In Auschwitz, 15 Ukrainians fled the camp taking their weapons with them. In the following manhunt three German officers were shot. Soon after, all the Ukrainians in Auschwitz were dispersed to other KZs where it is presumed they were also shot.
Because the Ukrainian guards were so mistrusted they were not issued machine pistols. In Sobibór, the SS withdrew their ammunition on one occasion as they suspected treachery, a fact noticed by the Jews when planning their famous revolt.German fears of betrayal proved to be well-founded: on October 22,1943, while accompanying 30 Ukrainians from Sobibór to Trawniki by train, SS-Oberscharführer Herbert Floss was murdered by the guard, Wasil Hetmaniec, with his own machine-pistol, between Chelm and the village of Zawadowska.

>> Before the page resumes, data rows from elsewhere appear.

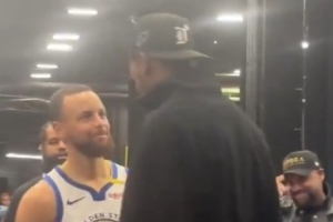 赛后,库里和杜兰特在更衣室通道寒暄拥抱,还聊了聊。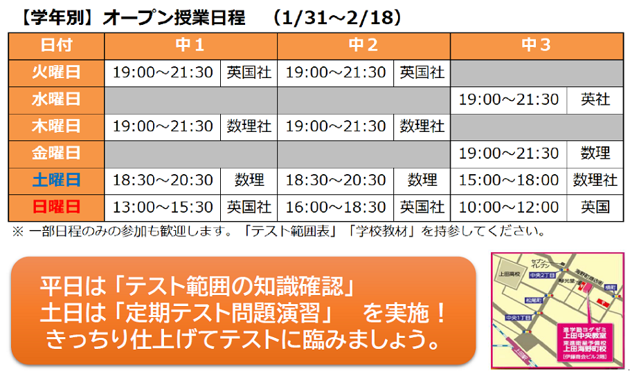 ◆東進衛星予備校 上田海野町校 後期期末対策案内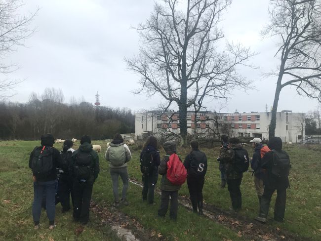 Les étudiants ont commencé par arpenter, sous la pluie, le parc Palmer et la résidence Beausite (photo) à Cenon. Nous leur avons ainsi présenté, in situ, les différentes actions de gestion écologique menées par les équipes du GPV, de la Ville de Cenon et de Bordeaux Métropole : fauche avec exportation, gestion du bois mort, régénération des boisements, parcelles à l’étude pour le pâturage.
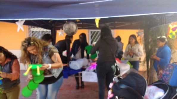 Los apoderados preparando stand.
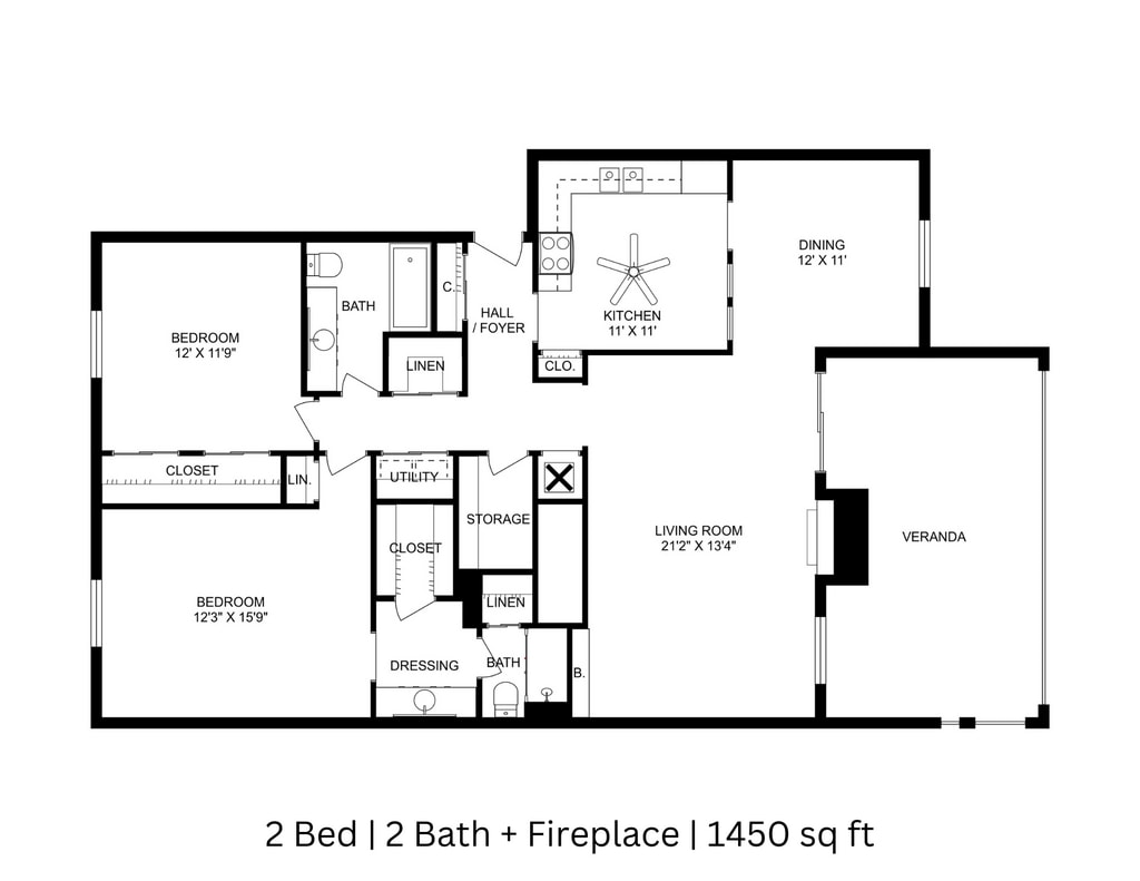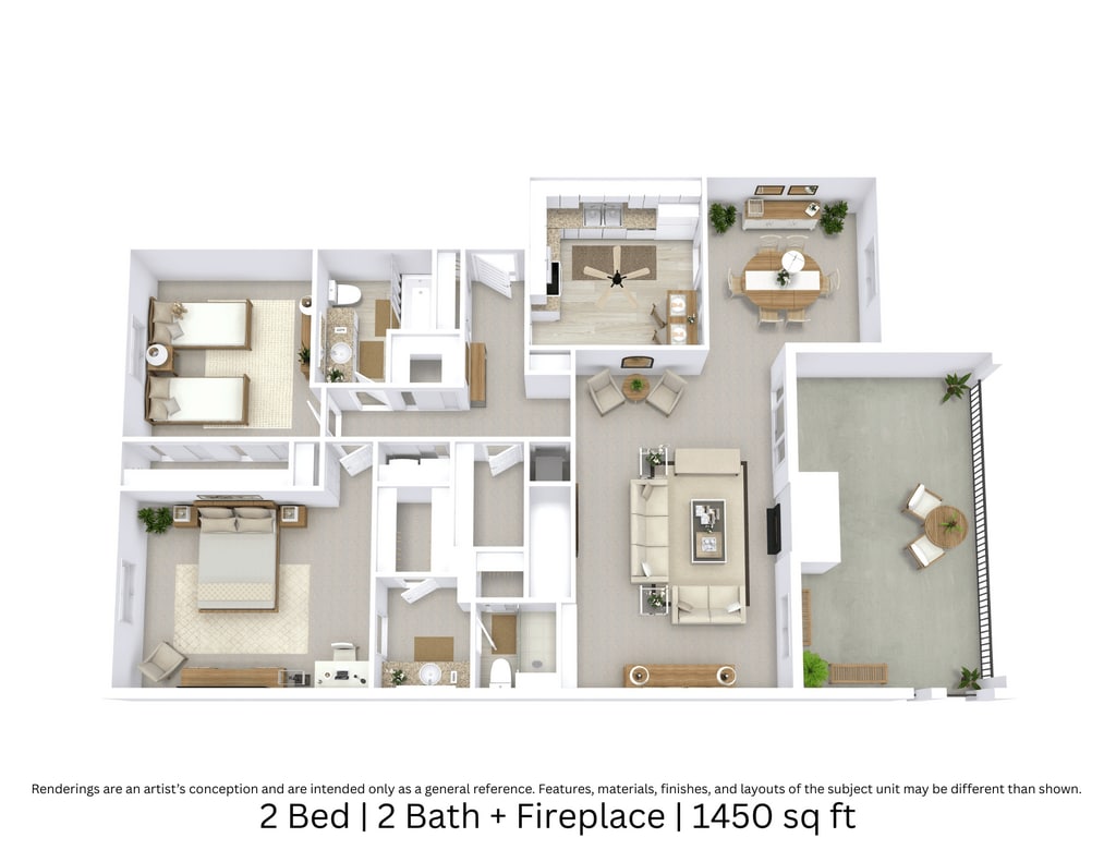 Ver Planos No Disponibles2 Bed | 2 Bath + Fireplace |1450 sq ft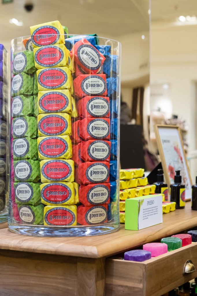 La parfumerie haut de gamme Phebo nous propose les eaux de Cologne qui ont fait sa renommée dans tout le Brésil ainsi que les savons ovales à base d’essence de pau-rosa, de santal ou de clou de girofle, que les Brésiliens s’arrachent.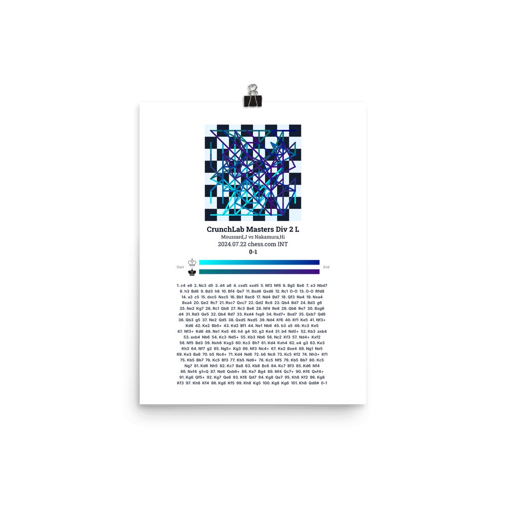Museum-quality poster on thick, durable matte paper. A sharp, clean look for any chess visualisation.

The other 25 guards escaped but were hunted down by the SS, arrested in Rejowiec, disarmed, manacled, and returned to Trawniki. Their fate is not known and can only be presumed.
On many occasions, Wirth, and later Hering, who replaced him as commandant August 1,1942, reacted to the excesses of these guards by beating, whipping and imprisoning them in a punishment bunker near the Kommandantur, where they remained for several days without food or water. The leadership, however, were pragmatists and in return for their collaboration, turned a blind-eye on some occasions to the corruption and thefts committed by the Ukrainians, but on other occasions, for serious breaches of security, the leadership did not hesitate to shoot them on the spot, or return them to Trawniki to be executed.Two Ukrainians who crossed Wirth by loose talk to outsiders were arrested, dressed in clothing bearing the Jewish yellow star, and then gassed with the victims on the next transport. This incident broke many of the watching Ukrainians, who cried out in despair.

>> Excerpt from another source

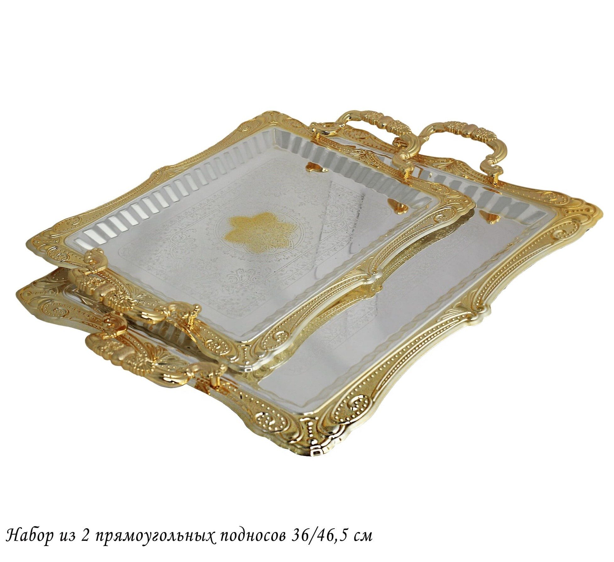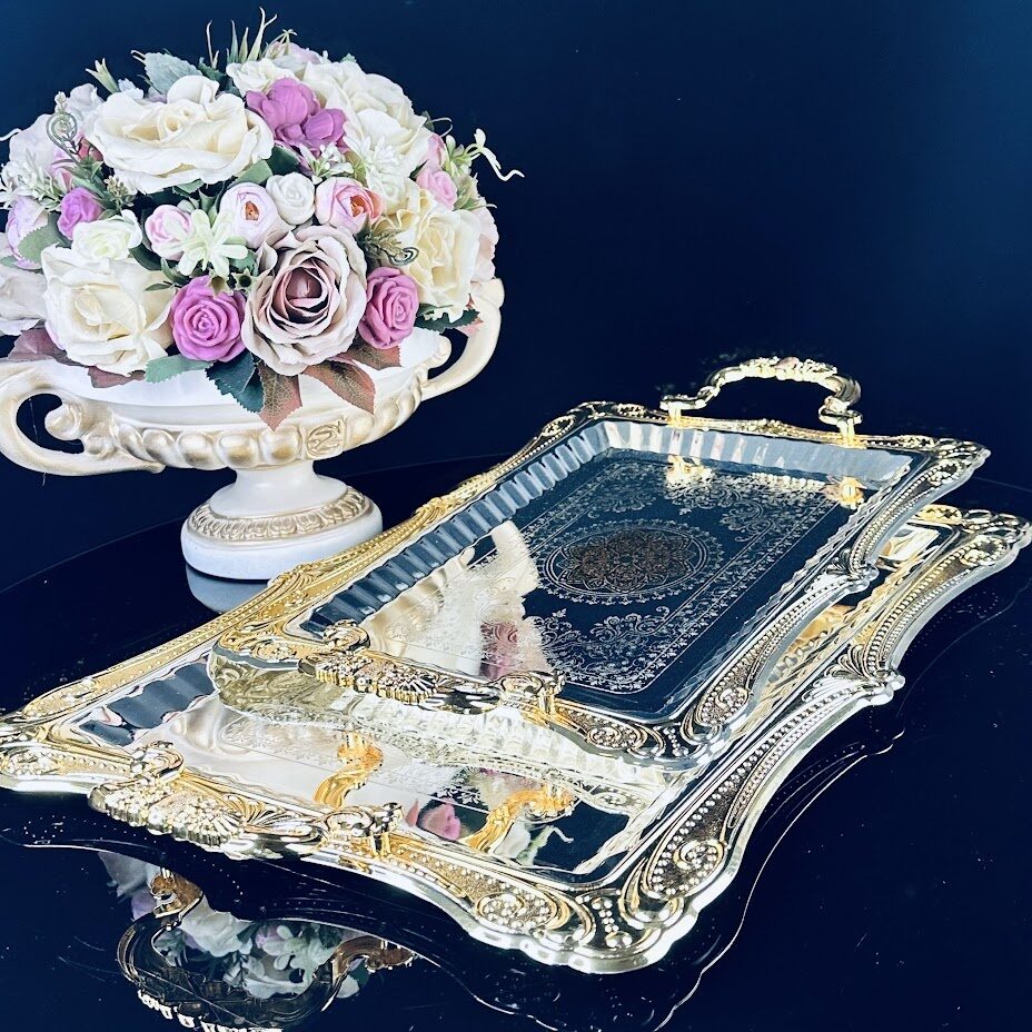 Набор из двух сервировочных подносов разного размера, изготовленных из нержавеющей стали с зеркальной полировкой и кружевным краем станет незаменимым предметом для сервировки стола.Серебристый поднос с золотыми декоративными элементами привносит элегантность и утонченность в оформление вашего стола. Ручки обеспечивают удобство при переноске и позволяют комфортно держать поднос, что особенно важно, когда вы подаете горячие блюда или напитки. Материал: нержавеющая сталь Упаковано в подарочную коробку Мыть мягкой губкой без использования абразивных средств

In October 1942, after two Ukrainians had been incarcerated in the punishment bunker for the theft of valuables from the Kommandantur, SS-Scharführer Heinrich Gley and Fritz Irrmann were intimidated late one evening by Hering into shooting them. Gley waited several meters away while Irrmann entered the bunker, where he was set upon by the prisoners, and in the darkness, Gley panicked and opened fire. He killed Irrmann and the Ukrainian guards escaped. Irrmann was taken to the administration building where he was examined by a Jewish doctor summoned from the cam,p who pronounced him dead.Although the shooting of Irrmann was confirmed as accidental, Gley experienced the wrath of both Wirth and Hering, and recalled: I could certainly have been executed without a court martial or further ado. Out of anxiety for these fearful measures, I bowed to their will.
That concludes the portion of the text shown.